The guy writing the article is so intense about his guns that he cannot help but turn the story into a rhapsody about gun details rather than a story focused on the over-the-top vicious vindictiveness from the most paranoid doofuses this side of Yosemite Sam.

And we all know that he was the roughest toughest he-man stuffest west of the Rio Grande - and we don't mean Mahatma Ghandi.

A few of us poke mild fun at the gunners and back they come, oblivious to the irony, (rhetorical) guns blazing away.

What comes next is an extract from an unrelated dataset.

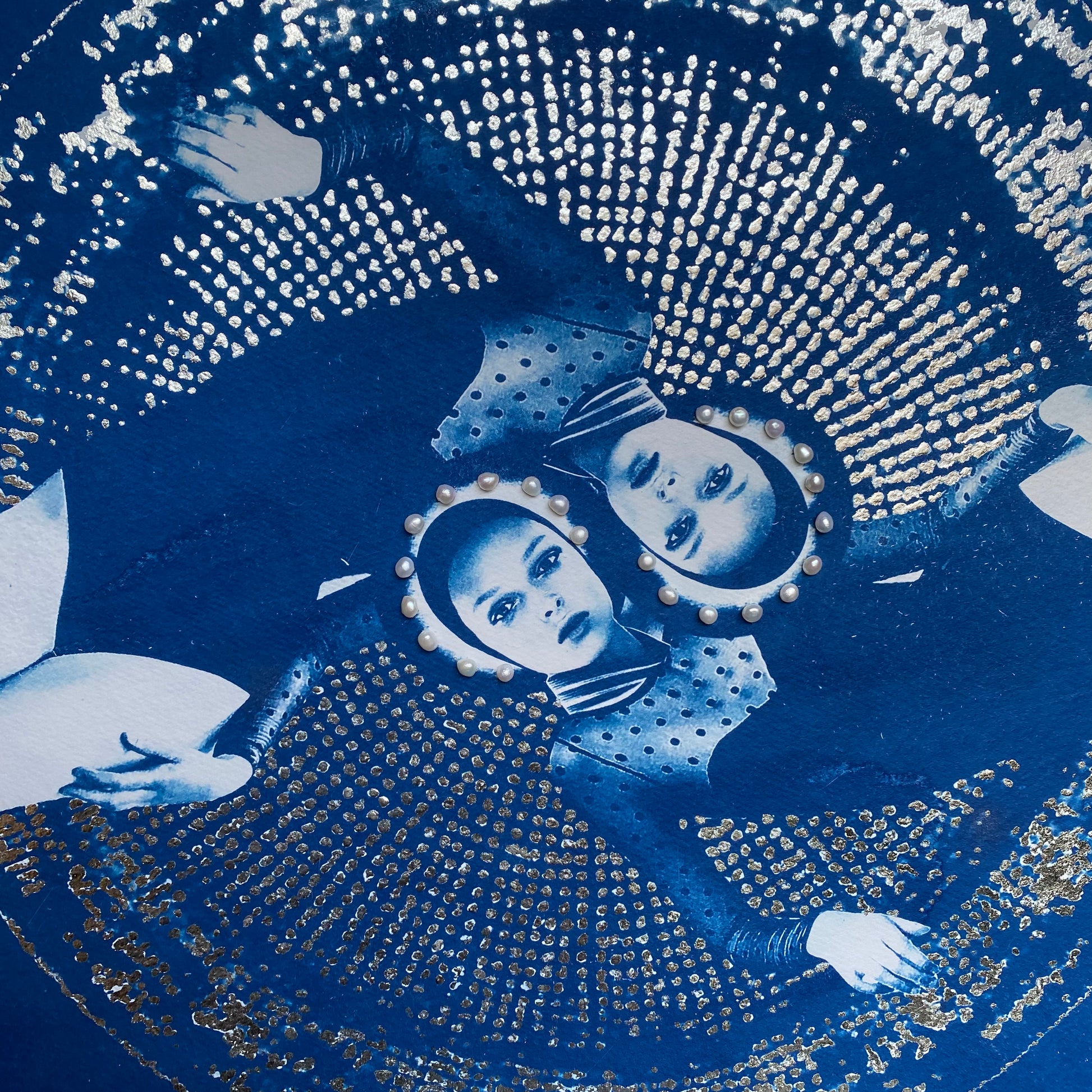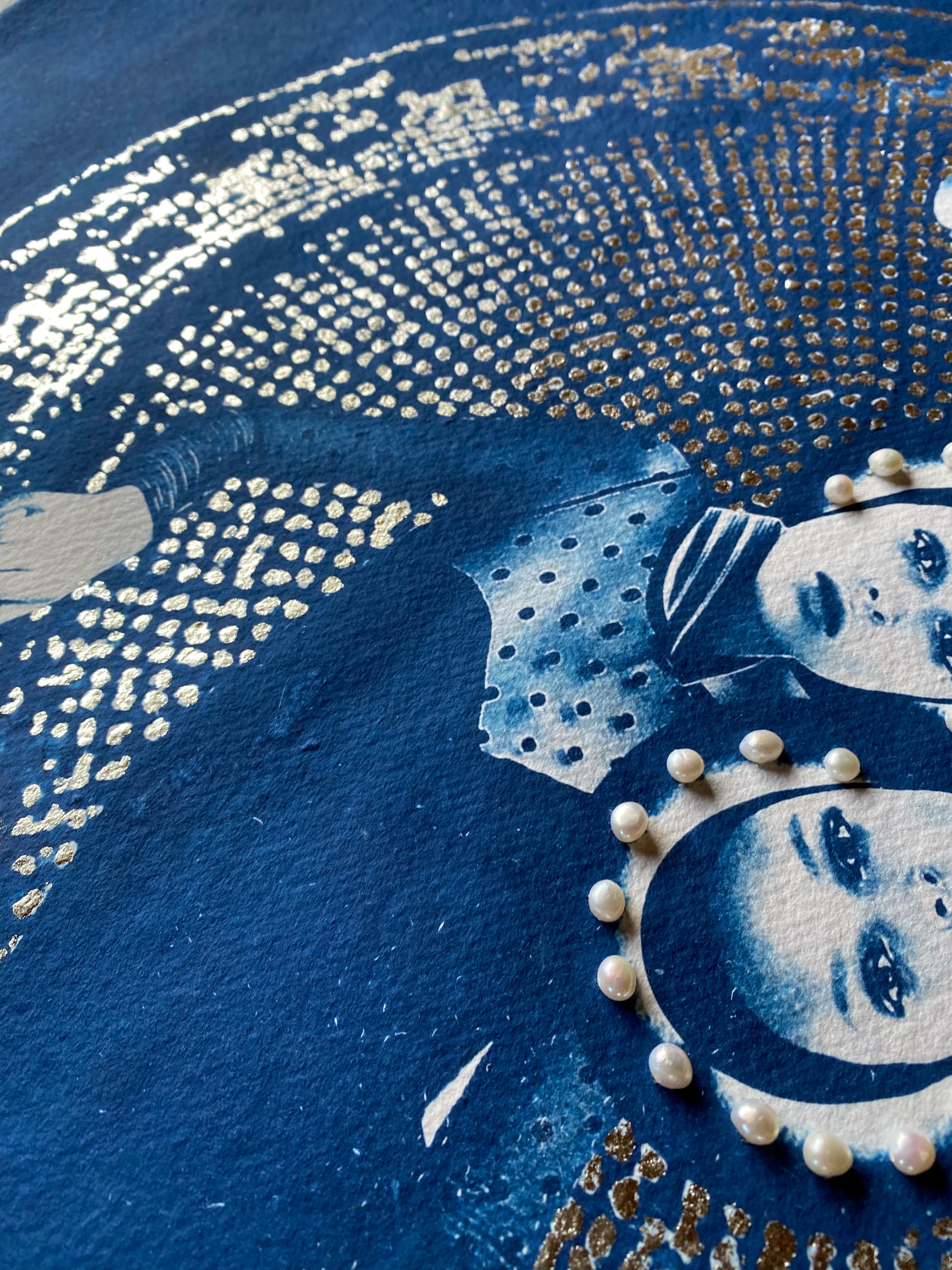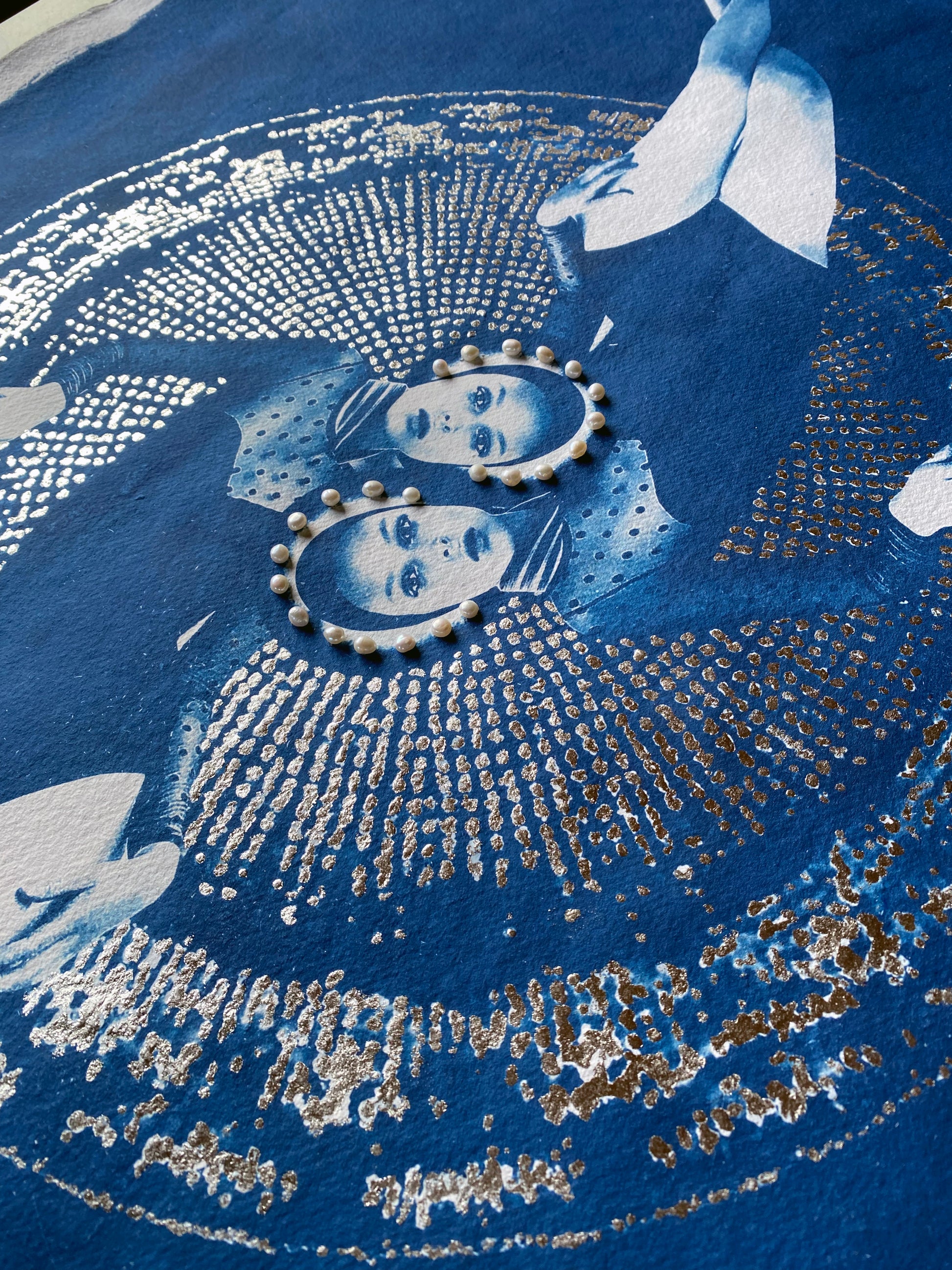 After coating the handmade paper with light-sensitive chemistry, it is left to dry in a dark room. The large-scale negative was contact printed onto the paper by exposure to daylight (UV rays). The print is then processed by thoroughly washing in water to remove any unexposed solution. It can then be hung to dry, developing to full density Prussian blue after 24 hours. Once dried I hand applied the 6-carat white gold leaf and stitched the natural pearls to create the halo.

Keep it up, boys. While your hands are on the keyboards they are off the triggers.

Oh, wait - it's time for NRA statistics, loud harrumphing, claims that the more guns we have the safer we are from guns, tear-streaked keyboards bewailing the poor beleaguered "hobbyists." You know the drill.

How much fun is Salon today, eh?

Thursday, March 29, 2007 05:23 PM

Brooks' destination is correct but his path is absurd

The problem is not that the statement "security is freedom" (or is an aspect of freedom) is not true. The problem is that what Brooks and the Bush crowd advocate leads to neither security nor freedom.

A great example of this is the "freedom" in Iraq. Yes, many Iraqis got to put purple ink on their thumbs. How many of those thumbs are now blown to bits? How free are people who cannot draw a safe breath?

But how free are people whose government deliberately creates insecurity and then erodes our rights, allegedly towards the end of making us secure.

It is a ludicrous and dangerous shell game, as the end must inevitably be less security and less freedom.

It is Orwellian indeed to try to make what is not true (war is peace) sound true. It is Bushian and Rovian to offer truth as bait for suckers.